Switching from conventionally grown to organic food could result in getting to 20 to 40 per cent more antioxidants, according to research published in the British Journal of Nutrition.
In addition, the study concluded, conventionally grown foods are three to four times more likely to contain pesticide residues, and twice as likely to contain cadmium, a toxic heavy metal contaminant.
The findings are based on a review of 343 studies comparing nutrient and pesticide levels in conventionally and organically grown fruits, vegetables and seeds. Research reviews like these are often undertaken to present a clearer aggregate picture of studies on a given topic.
The conclusion concerning antioxidants contrasts with reviews conducted by other researchers, published in 2009 and 2012. They found no significant differences in antioxidant content between conventional and organic produce. The authors of the new research review said that their finding is more reliable, because they analysed more studies and used more sophisticated means of analysis.
Although antioxidants aren’t nutrients that, like vitamins and minerals, have a recommended daily intake, they’re thought to prevent or delay some types of cell damage, and therefore theoretically can improve health and slow ageing.
In some cases, the researchers said, organic foods have 60 per cent more antioxidants than their conventionally grown version. In terms only of antioxidant intake, that’s the equivalent of eating an additional one or two servings of produce per day, the researchers said.
Organic plants were found to be lower in protein and amino acids than conventionally grown foods. “The nutritional significance/relevance of slightly lower protein and amino acid concentrations in organic crops to human health is likely to be low, as European and North American diets typically provide sufficient or even excessive amounts of proteins and essential amino acids,” the researchers wrote.
The researchers offered two theories for why organic foods might be higher in antioxidants.

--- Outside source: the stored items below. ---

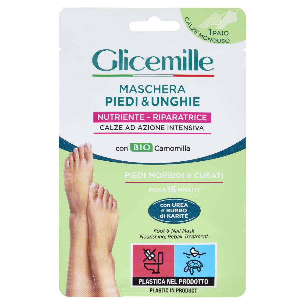 La Maschera Piedi & Unghie è un trattamento professionale in pratiche calze monouso, studiato per nutrire e riparare la pelle secca e screpolate dei piedi.
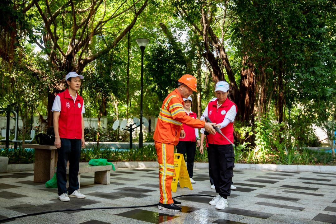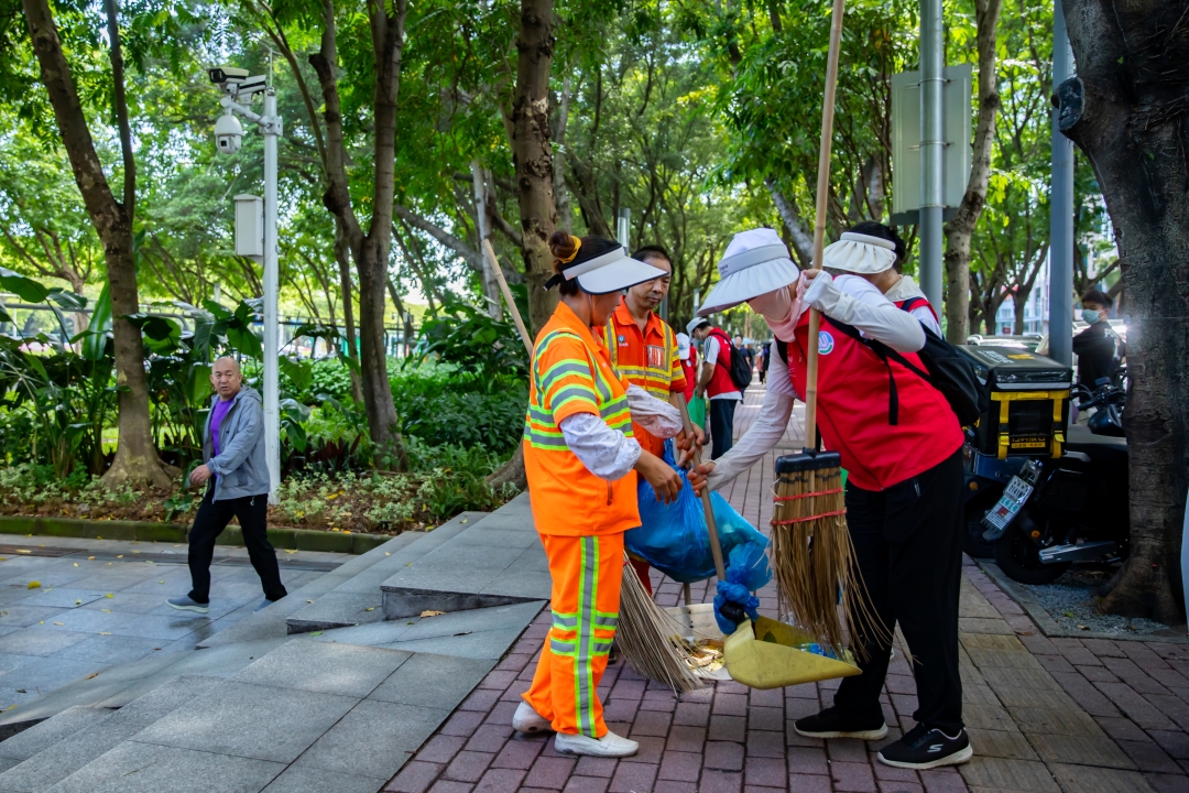 活动当天,“美丽深圳”文明使者志愿服务队志愿者齐聚洁亚环保香蜜湖项目部,他们身穿统一的志愿者工作服,手持扫帚、垃圾钳等工具,准备开始他们特殊的“工作”体验。在洁亚环保项目人员的指导下,志愿者们被分配到不同的路段,与环卫工人进行了一对一的换岗体验。
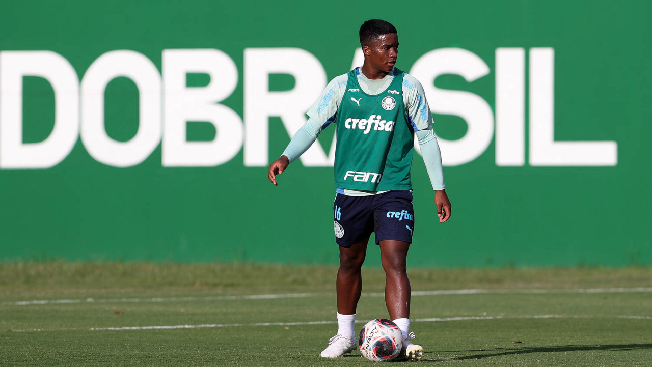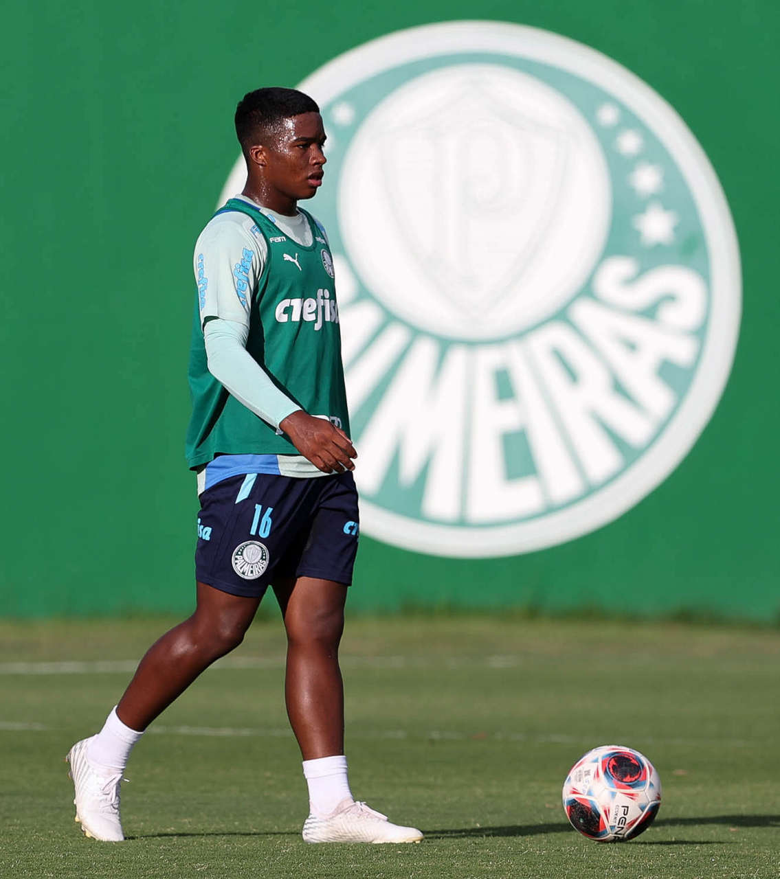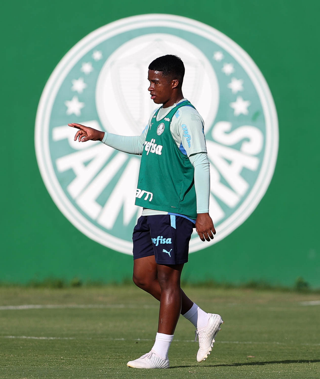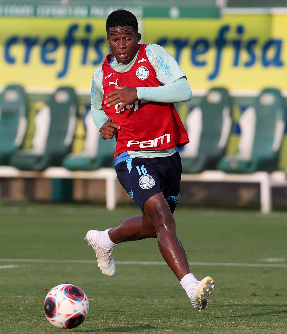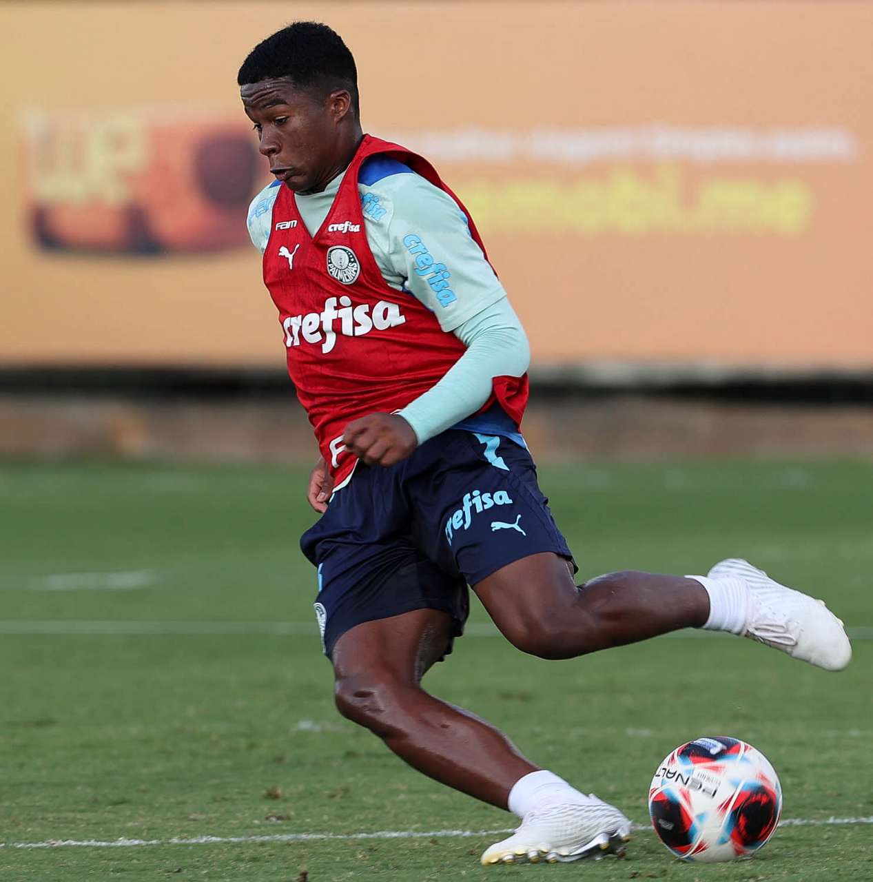 O jogador Endrick, da SE Palmeiras, durante treinamento, na Academia de Futebol. (Foto: Cesar Greco/Palmeiras/by Canon)
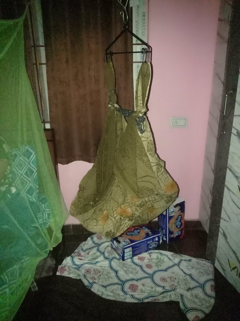 We had to create a new cradle out of an old saree. I took it right now, since I forgot to take the picture in the morning.

First, it’s thought that plants produce the chemicals that form antioxidants in response to environmental stress, such as pests, disease and a relative lack of soil nutrients. Because conventionally grown foods are more shielded from these sources of stress, through pesticides and other growing practices, they don’t have as great an impetus to produce antioxidants, this theory goes.

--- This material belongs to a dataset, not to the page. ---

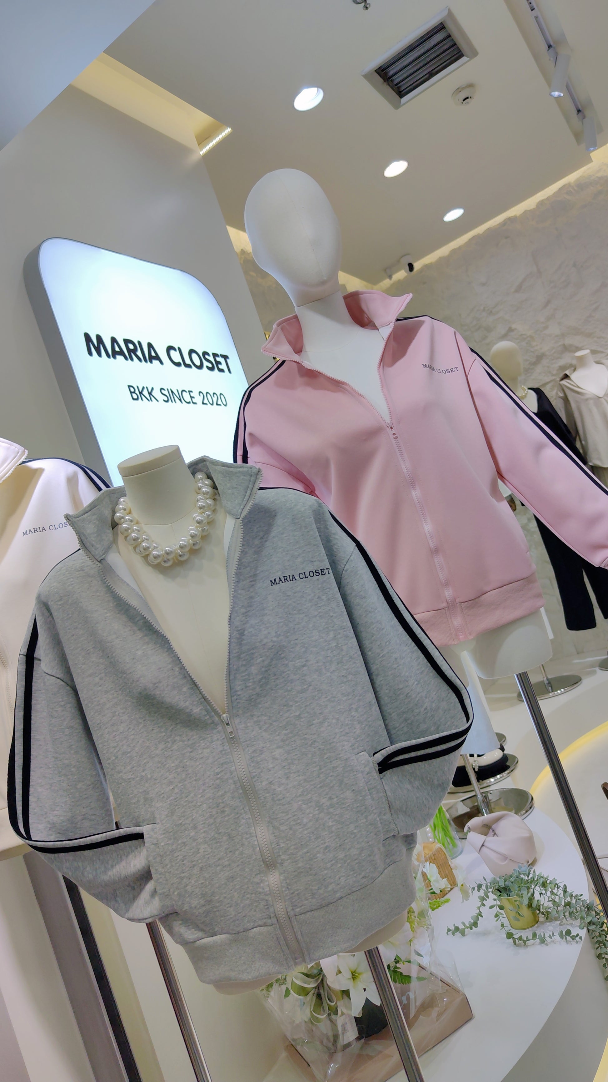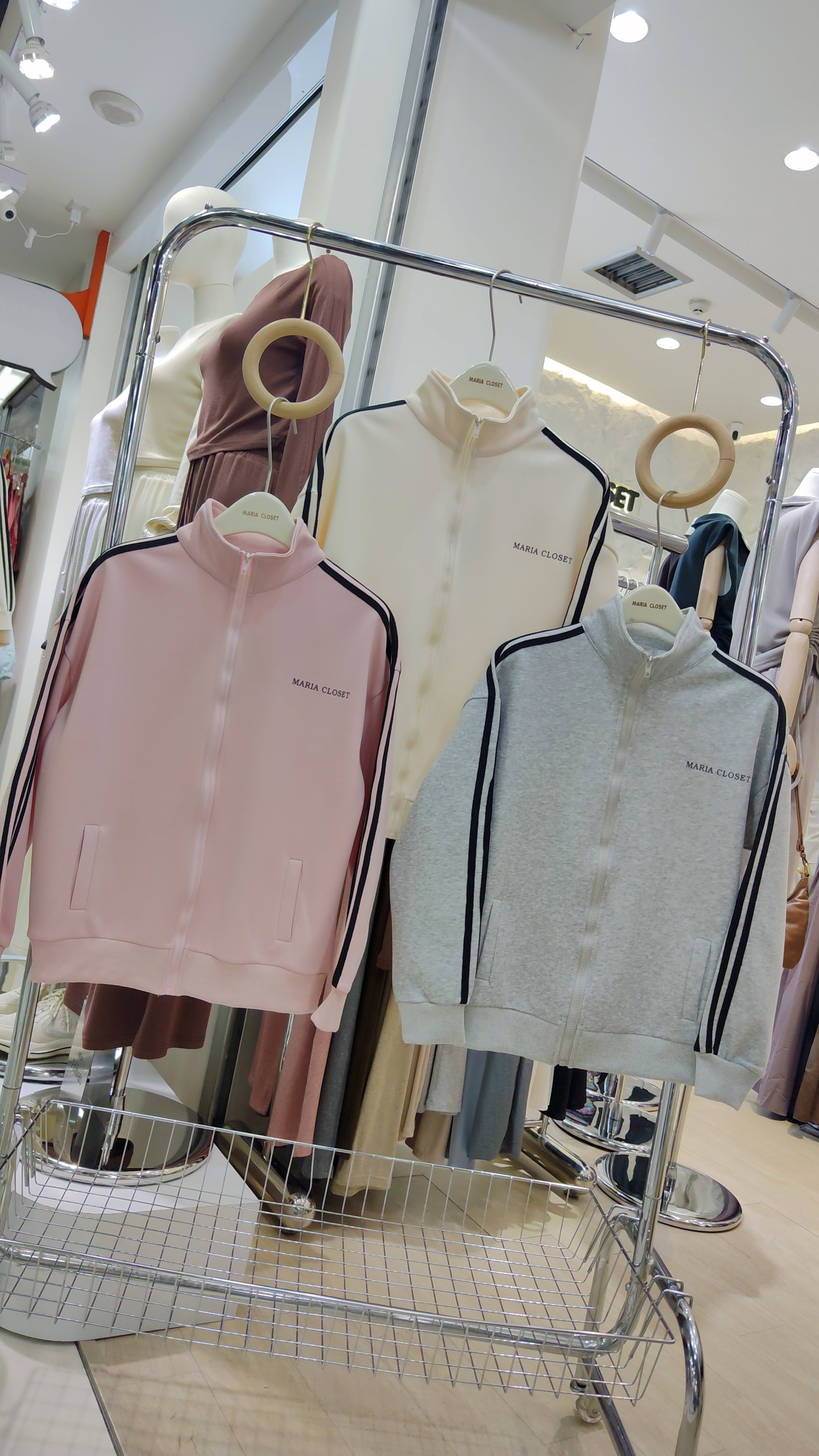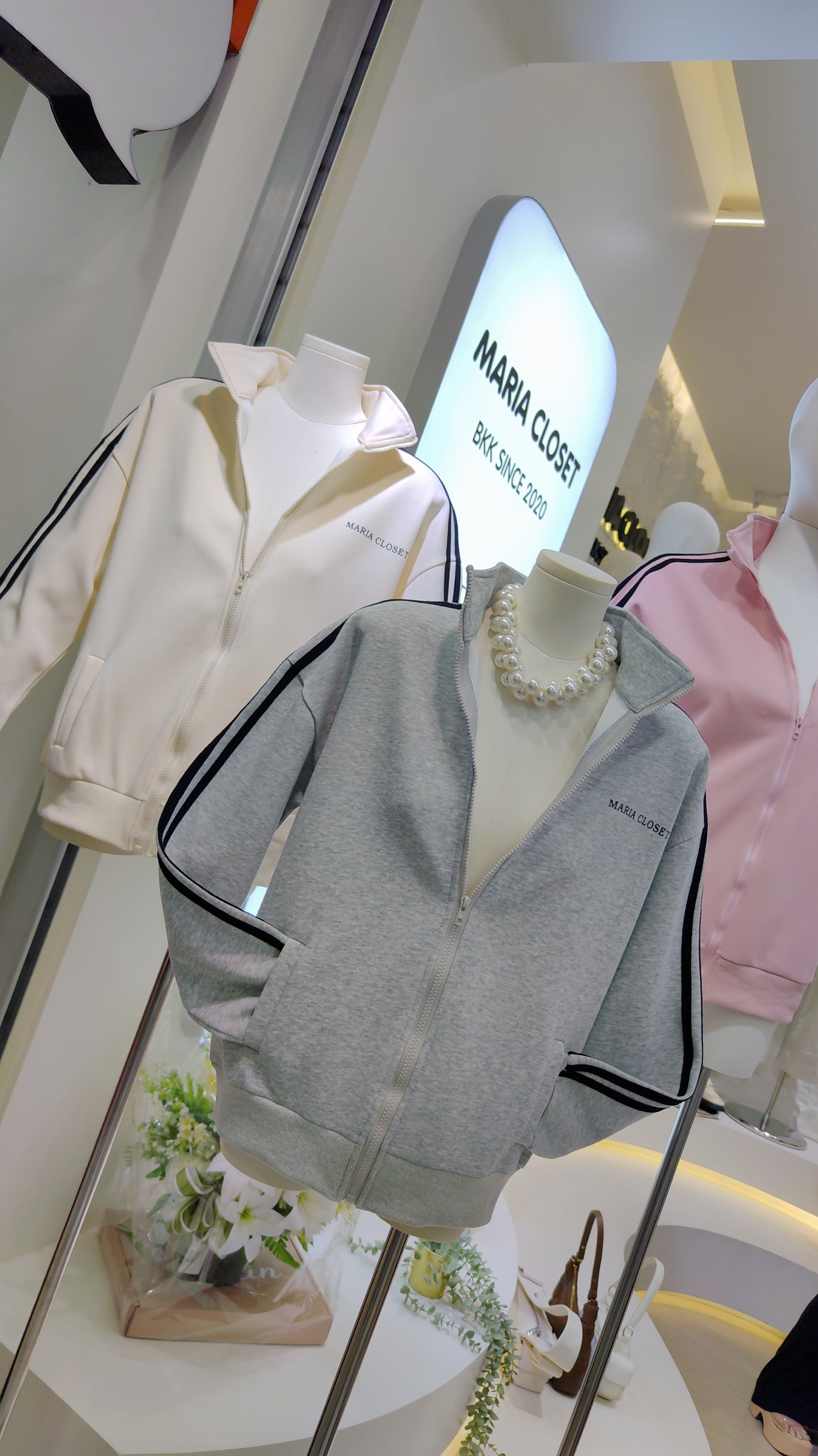 Define your style with a touch of classic, sporty cool. This zip-up track jacket is a timeless wardrobe essential, featuring our signature printed Maria Closet logo and iconic contrast stripes down the sleeves. Crafted from a soft, comfortable fabric with a high-neck collar, it's the perfect versatile piece for a casual day out, a post-workout coffee run, or simply layering for an effortlessly chic athleisure look.

Second, conventional farming uses fertiliser with a much higher nitrogen content, which leads to plants producing fewer antioxidants, the researchers speculated.
While the finding concerning antioxidants is potentially significant, it’s worth bearing in mind that the average American gets three servings of fruits and vegetables per day; the daily recommendation is five to 13 servings. If you’re not yet meeting the five-per-day recommended minimum, most nutritionists would agree the first step is upping your intake rather than focussing on how the produce is grown.